An iterator is any Python type that can be used with a for loop.
They implement the iterator protocol, which describes implicit methods, like __init__(), to iterate in sets of objects. In Python 3, you find them everywhere, e.g. files, i/o streams, etc.
import numpy as np
nums = np.arange(2) # ndarray contains [0, 1]
for x in nums:
print(x, end=" ")
0 1
iter(nums) # ndarray is an iterable
<iterator at 0x1040d00b8>
it = iter(nums)
it.__next__() # One way to iterate
0
next(it) # Another way to iterate
1
next(it) # Raises StopIteration exception
--------------------------------------------------------------------------- StopIteration Traceback (most recent call last) <ipython-input-7-fad128c8b2df> in <module>() ----> 1 next(it) # Raises StopIteration exception StopIteration:
Leonardo Filius Bonacci (1175-1245), aka Leonardo Fibonacci, defines the recurrence relation that now bears his name and fuels conspiracy theorists.
class Fib:
'''Iterator Class to calculate the Fibonacci series'''
def __init__(self, max):
self.max = max
def __iter__(self): # defines initial conditions
self.a = 0
self.b = 1
return self # returns a handle to the object
def __next__(self): # defines behaviour for next()
fib = self.a
if fib > self.max:
raise StopIteration # is caught when in _for_ loop
temp_b = self.a + self.b
self.a = self.b
self.b = temp_b
return fib # F_n = F_n-1 + F_n+2
# 33rd degree in Freemason Antient & Accepted Scottish Rite
for i in Fib(33):
print(i, end=' ') # literally calls the __next__() method
0 1 1 2 3 5 8 13 21
Generators (generator-iterators as they are called) is a mechanism to simplify this process.
Python provides the yield keyword to define generators, which takes care of __iter__() and __next__() for you.
def fib_without_iterator_protocol(max):
numbers = [] # Needs to return an array of values
a, b = 0, 1 # a = 0 and b = 1
while a < max:
numbers.append(a)
a, b = b, a + b # Evalute right-hand side first and assign
return numbers # Returns full list of numbers
for i in fib_without_iterator_protocol(33):
print(i, end=" ") # iterates through array of values
0 1 1 2 3 5 8 13 21
In real life problems, this way of doing things is problematic because it forces us to compute all numbers in turn and to store everything in one go.
yield expression_list
yield does something similar to return:
yield saves local state and variables, instruction pointer and internal evaluation stack; i.e. enough information so that .__next__() behaves like an external call.

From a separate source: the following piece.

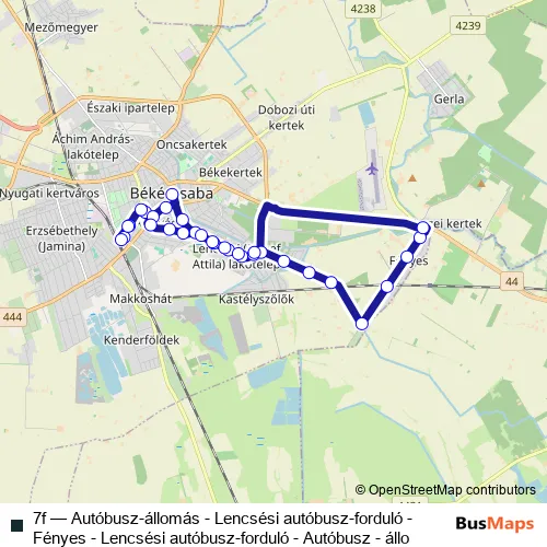 The first stop of the 7f bus route is Békéscsaba, autóbusz-állomás and the last stop is Békéscsaba, autóbusz-állomás. 7f (Autóbusz-állomás - Lencsési autóbusz-forduló - Fényes - Lencsési autóbusz-forduló - Autóbusz - állo) is operational during everyday.

def fib_with_yield(max_limit):
'''fib function using yield'''
a, b = 0, 1 # a = 0 and b = 1
while a < max_limit:
yield a # freezes execution, returns current a
a, b = b, a + b # a = b and b = a + b
for i in fib_with_yield(33):
print(i, end=" ")
0 1 1 2 3 5 8 13 21
my_masonic_secret = fib_with_yield(33)
my_masonic_secret
<generator object fib_with_yield at 0x104157620>
next(my_masonic_secret)
0
next(my_masonic_secret)
1
next(my_masonic_secret)
1
next(my_masonic_secret)
2
... and so on.
Write a function that uses yield to draw numbers for the lottery--with replacement is fine! That's six numbers between 1-40; and if you feel ambitious, add one number between 1-15.
countdown(1)
Hands off of keyboards now!
import random
def super_million_lottery():
# returns 6 numbers between 1 and 40
for i in range(6):
yield random.randint(1, 40)
# returns a 7th number between 1 and 15
yield random.randint(1,15)
for i in super_million_lottery():
print(i, end=" ")
4 18 9 35 33 16 3
Python's list comprehension, with [..], computes everything at once and can take a lot of memory.
squares = [i**2 for i in range(10)]
squares
[0, 1, 4, 9, 16, 25, 36, 49, 64, 81]
Generator expressions, with (..), are computed on demand.
squares = (i**2 for i in range(10))
squares
<generator object <genexpr> at 0x1041575c8>
On-demand calculation is important for the streamed processing of big amount of data; where the size of the data is uncertain, values of parameters are changing, etc, or when the processing steps might take a long time, yields errors or enter infinite loops.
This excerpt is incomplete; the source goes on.